Pesawat ruang angkasa itu menembus atmosfer Mars bergerak dengan kecepatan 12.000 mil per jam, tetapi kemudian harus melambat hingga nol mil per jam tujuh menit kemudian untuk mendarat dengan aman di permukaan.
Sementara Perseverance selamat dari penurunan tanpa cedera menggunakan parasut dasar, proses pendaratan lebih sulit untuk muatan yang lebih besar, seperti roket dengan manusia di dalamnya.
“Satu jawabannya adalah aeroshell tiup yang dapat digunakan untuk skala yang jauh lebih besar dari kafan,” kata NASA.
“Teknologi ini memungkinkan berbagai misi NASA yang diusulkan ke tujuan seperti Mars, Venus, Titan serta kembali ke Bumi.”
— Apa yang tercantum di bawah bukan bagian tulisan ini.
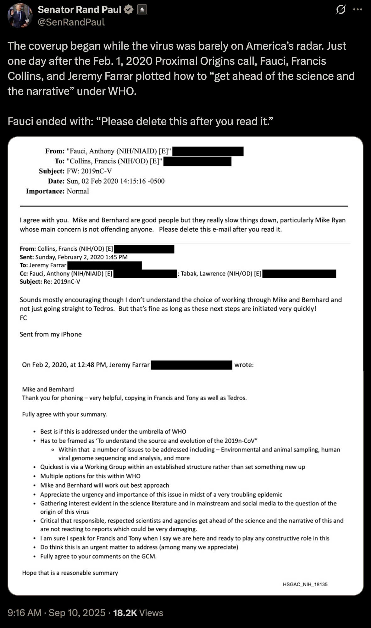 🚨BREAKING: Newly Released Emails Show Fauci Lied Under Oath Claiming He Did Not Direct Colleagues to “Delete This After You Read It”
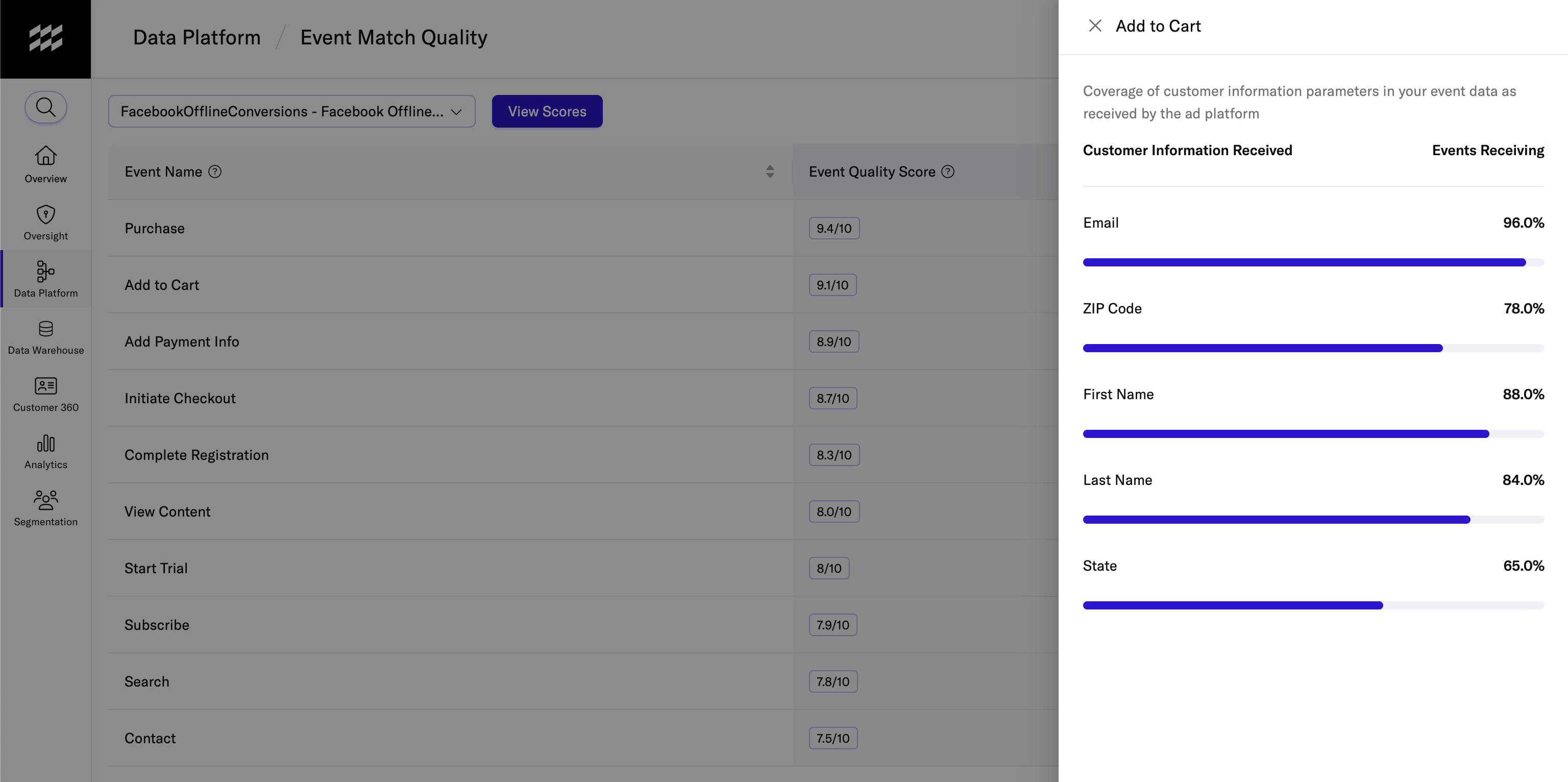 2. Using the left-hand navigation, go to Data Platform > Event Match Quality.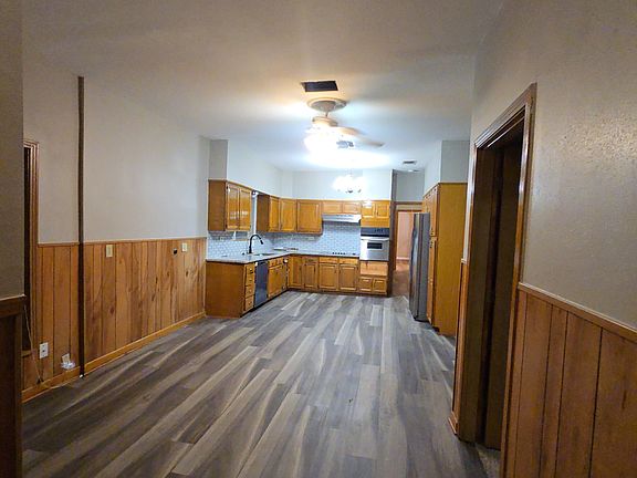Freshly painted inside and out, new carpet, new vinyl flooring, new wrap around deck. House is good size and has large kitchen, dining room and living room. Fenced in yard. Great location. Washer and dryer, as well as side by side refrigerator is available and on site for use by tenant (but is not warrantied by landlord). Looking for a good, reliable tenant that will take care of the house and pay rent on time each month. NOTE: This is for FRONT MAIN HOUSE ONLY, and the BACK house is rented by someone else and has their own entrance.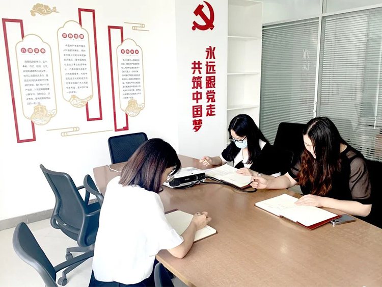 6月27日,在云網(wǎng)集團(tuán)黨支部的組織下,黨員干部董煥鋒,王俊英,朱川香(線上),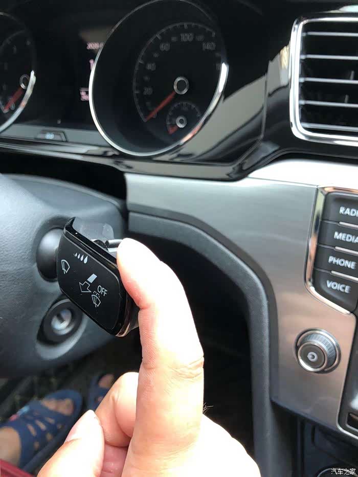 再次入车内,接通电源。往下轻拨一下雨刮操作杆,雨刮器就会自动回位了。

Sebagai bagian dari program Artemis penerus program Apollo pada 1960-an dan 1970-an, NASA bertujuan untuk membawa manusia ke bulan sekali lagi dalam dekade ini, sebelum menempatkan manusia di Mars untuk pertama kalinya pada 2030-an.
Tahap pertama dari program Artemis, misi mengorbit Bulan tanpa awak (disebut Artemis I), akan diluncurkan minggu depan setelah penundaan berulang.